**WHAT IS NEEDED:** Output exactly the lines that run from the start of the records to the line with "HANEY Black Banded", counting both ends, and skip the pictures.

**DATA FOR ANALYSIS:**
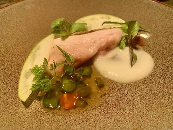 こちらはむっちりとした鶏肉の弾力と、皮目を炭火で焼いているその香ばしさに幸福度があがります。またソースが面白く、白いソースはジャスミンライスを貝のだしやハーブで炊いて伸ばしたもので、コクの強い甘みと芳醇な香りが唯一無二でした。透明のソースはシェフの自家製ハラペーニョを発酵させたソースで、辛味が気にならずに酸味と旨みが押し寄せます。とろっとしたテクスチャーもとても心地良く、アクセントの青りんごもいい仕事をしています。
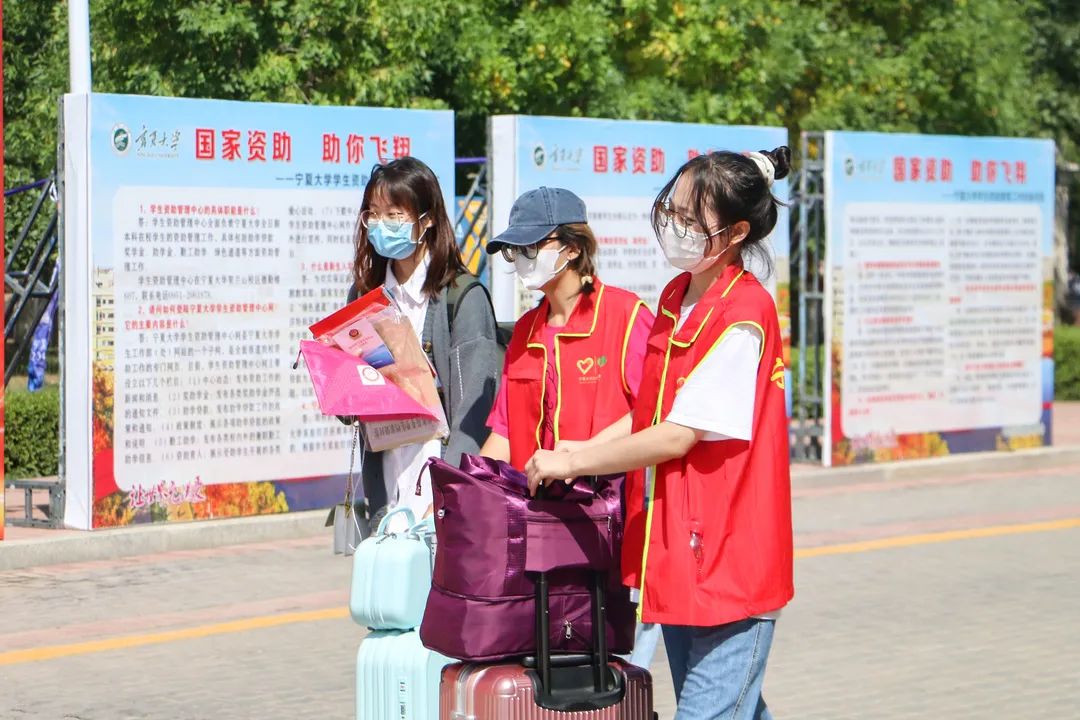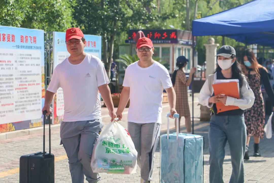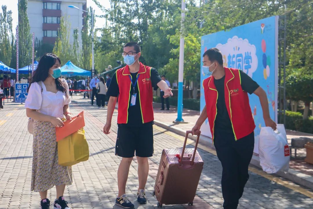迎来了来自全国各地的学生,他们怀揣满心的希望与期待,在这里他们即将开启全新的人生航程。志愿者们精神焕发,满心欢喜地迎接新同学的到来,他们接过新生们沉甸甸的行李,将爱与温暖传递给每一位新生。
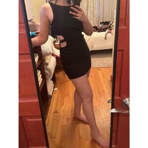 HANEY Black Banded Waist Cutouts Sleeveless Silhouette Roselyn Mini Dress Size 2
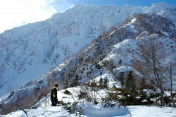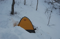 西俣出合いに到着したが、トーレスが無くて、その先に進むか判断に迷う。とりあえず偵察しながら赤岩尾根に取り付くが、しばらくすると高千穂平から5時間掛かって下山してきたパーティーがやってきた。胸まで雪があって、その先にトレースが無いと言っている。とりあえず明日の目標は高千穂平に決まったので、早めに寝ることにした。
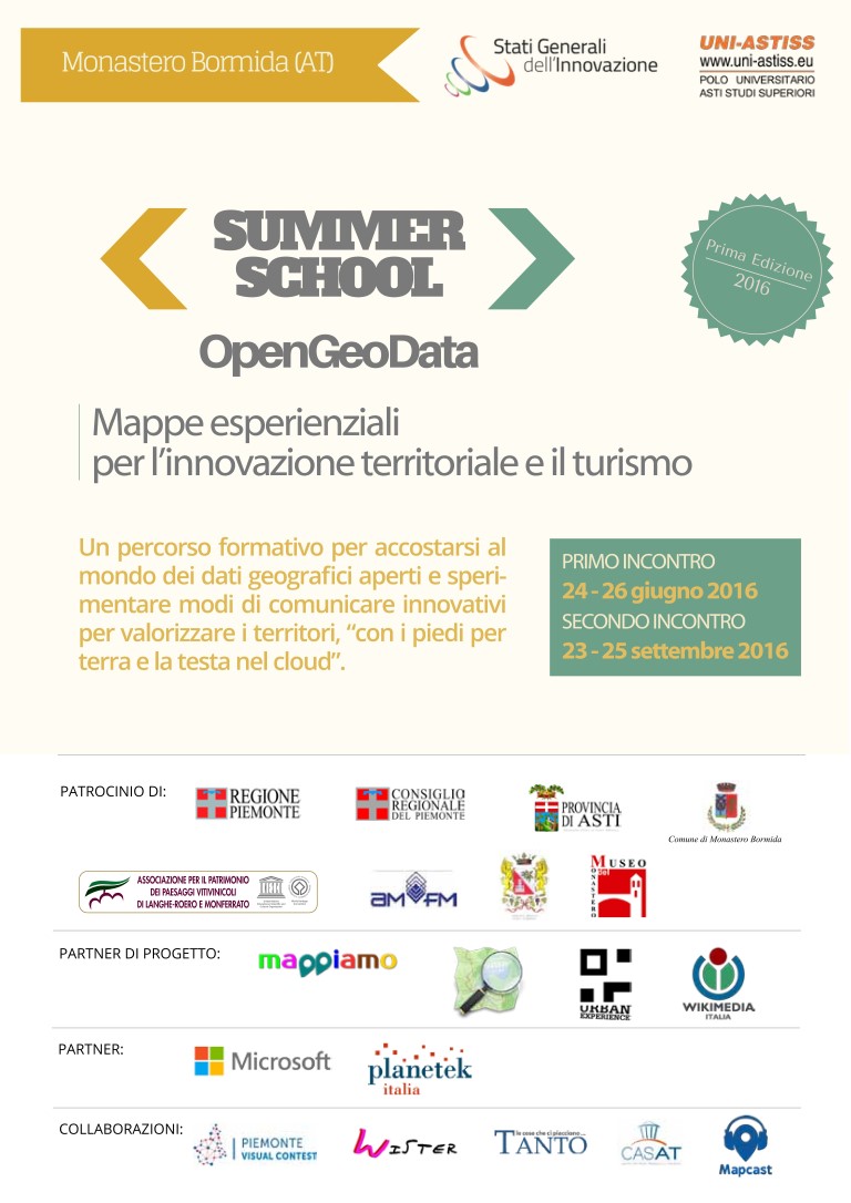 Questo indirizzo email è protetto dagli spambots. È necessario abilitare JavaScript per vederlo.Partecipate al gruppo FB “Tra Langhe, Roero, e Monferrato Open Data”Scaricate e diffondete il flyer della Summer School OpenGeoData 2016

**ANSWER SECTION:**
 こちらはむっちりとした鶏肉の弾力と、皮目を炭火で焼いているその香ばしさに幸福度があがります。またソースが面白く、白いソースはジャスミンライスを貝のだしやハーブで炊いて伸ばしたもので、コクの強い甘みと芳醇な香りが唯一無二でした。透明のソースはシェフの自家製ハラペーニョを発酵させたソースで、辛味が気にならずに酸味と旨みが押し寄せます。とろっとしたテクスチャーもとても心地良く、アクセントの青りんごもいい仕事をしています。
迎来了来自全国各地的学生,他们怀揣满心的希望与期待,在这里他们即将开启全新的人生航程。志愿者们精神焕发,满心欢喜地迎接新同学的到来,他们接过新生们沉甸甸的行李,将爱与温暖传递给每一位新生。
 HANEY Black Banded Waist Cutouts Sleeveless Silhouette Roselyn Mini Dress Size 2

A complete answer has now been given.